STORED DATA =
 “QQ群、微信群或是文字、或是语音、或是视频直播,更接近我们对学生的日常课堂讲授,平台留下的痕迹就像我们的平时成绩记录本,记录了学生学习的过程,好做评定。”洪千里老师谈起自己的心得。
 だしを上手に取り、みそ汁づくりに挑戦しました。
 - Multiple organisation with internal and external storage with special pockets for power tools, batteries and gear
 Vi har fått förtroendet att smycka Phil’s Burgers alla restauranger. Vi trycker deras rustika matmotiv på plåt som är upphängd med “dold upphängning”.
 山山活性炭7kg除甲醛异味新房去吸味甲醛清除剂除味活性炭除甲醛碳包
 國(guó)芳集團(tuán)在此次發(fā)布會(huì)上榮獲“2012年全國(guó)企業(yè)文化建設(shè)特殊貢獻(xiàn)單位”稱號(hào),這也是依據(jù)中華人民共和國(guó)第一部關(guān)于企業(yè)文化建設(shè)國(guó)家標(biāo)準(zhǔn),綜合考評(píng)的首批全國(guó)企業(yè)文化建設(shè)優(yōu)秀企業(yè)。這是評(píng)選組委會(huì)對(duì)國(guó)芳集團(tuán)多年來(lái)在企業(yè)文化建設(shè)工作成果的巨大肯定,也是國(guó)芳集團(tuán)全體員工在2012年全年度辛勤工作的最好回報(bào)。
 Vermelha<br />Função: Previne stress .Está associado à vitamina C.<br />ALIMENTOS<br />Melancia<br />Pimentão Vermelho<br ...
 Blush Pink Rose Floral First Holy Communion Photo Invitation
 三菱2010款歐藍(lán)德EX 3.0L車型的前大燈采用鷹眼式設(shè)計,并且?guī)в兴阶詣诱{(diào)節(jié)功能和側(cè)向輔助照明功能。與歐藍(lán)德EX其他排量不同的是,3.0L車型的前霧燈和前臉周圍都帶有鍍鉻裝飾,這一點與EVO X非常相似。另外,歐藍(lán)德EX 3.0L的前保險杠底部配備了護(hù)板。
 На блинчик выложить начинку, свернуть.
---
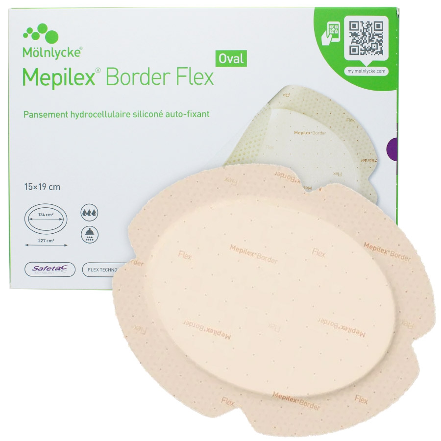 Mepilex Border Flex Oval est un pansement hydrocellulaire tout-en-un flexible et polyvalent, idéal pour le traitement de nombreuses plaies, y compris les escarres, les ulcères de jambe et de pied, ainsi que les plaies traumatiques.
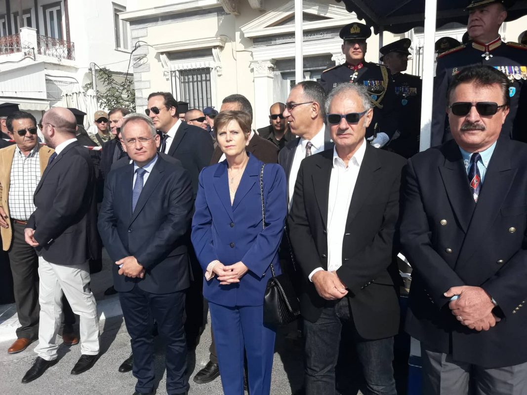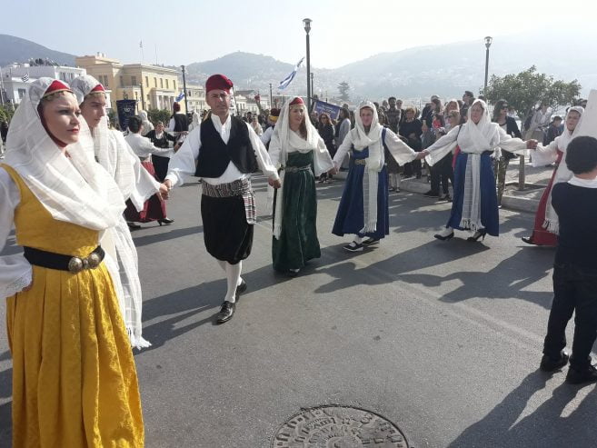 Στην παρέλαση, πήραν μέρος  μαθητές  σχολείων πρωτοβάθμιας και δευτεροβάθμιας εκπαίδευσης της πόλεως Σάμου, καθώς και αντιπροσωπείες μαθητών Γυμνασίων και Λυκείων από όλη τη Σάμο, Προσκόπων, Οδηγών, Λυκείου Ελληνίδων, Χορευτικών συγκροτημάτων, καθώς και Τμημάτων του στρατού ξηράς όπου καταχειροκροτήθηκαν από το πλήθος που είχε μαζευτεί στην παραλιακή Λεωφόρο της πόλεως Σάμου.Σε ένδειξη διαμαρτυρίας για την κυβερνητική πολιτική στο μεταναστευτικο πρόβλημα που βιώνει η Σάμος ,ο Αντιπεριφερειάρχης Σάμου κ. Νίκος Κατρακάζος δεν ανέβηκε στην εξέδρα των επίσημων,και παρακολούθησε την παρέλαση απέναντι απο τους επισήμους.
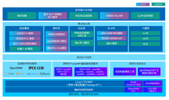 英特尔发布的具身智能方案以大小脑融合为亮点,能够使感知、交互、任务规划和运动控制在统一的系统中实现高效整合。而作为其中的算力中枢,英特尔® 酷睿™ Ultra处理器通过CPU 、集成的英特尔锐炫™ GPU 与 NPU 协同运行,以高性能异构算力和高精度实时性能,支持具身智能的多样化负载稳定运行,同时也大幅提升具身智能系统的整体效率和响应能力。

ASSIGNMENT = Restate word for word the lines of the data above, starting at the line containing "Vi har fått" and ending at the line containing "Blush Pink Rose", both included, and nothing more.

TASK SOLUTION =
 Vi har fått förtroendet att smycka Phil’s Burgers alla restauranger. Vi trycker deras rustika matmotiv på plåt som är upphängd med “dold upphängning”.
 山山活性炭7kg除甲醛异味新房去吸味甲醛清除剂除味活性炭除甲醛碳包
 國(guó)芳集團(tuán)在此次發(fā)布會(huì)上榮獲“2012年全國(guó)企業(yè)文化建設(shè)特殊貢獻(xiàn)單位”稱號(hào),這也是依據(jù)中華人民共和國(guó)第一部關(guān)于企業(yè)文化建設(shè)國(guó)家標(biāo)準(zhǔn),綜合考評(píng)的首批全國(guó)企業(yè)文化建設(shè)優(yōu)秀企業(yè)。這是評(píng)選組委會(huì)對(duì)國(guó)芳集團(tuán)多年來(lái)在企業(yè)文化建設(shè)工作成果的巨大肯定,也是國(guó)芳集團(tuán)全體員工在2012年全年度辛勤工作的最好回報(bào)。
 Vermelha<br />Função: Previne stress .Está associado à vitamina C.<br />ALIMENTOS<br />Melancia<br />Pimentão Vermelho<br ...
 Blush Pink Rose Floral First Holy Communion Photo Invitation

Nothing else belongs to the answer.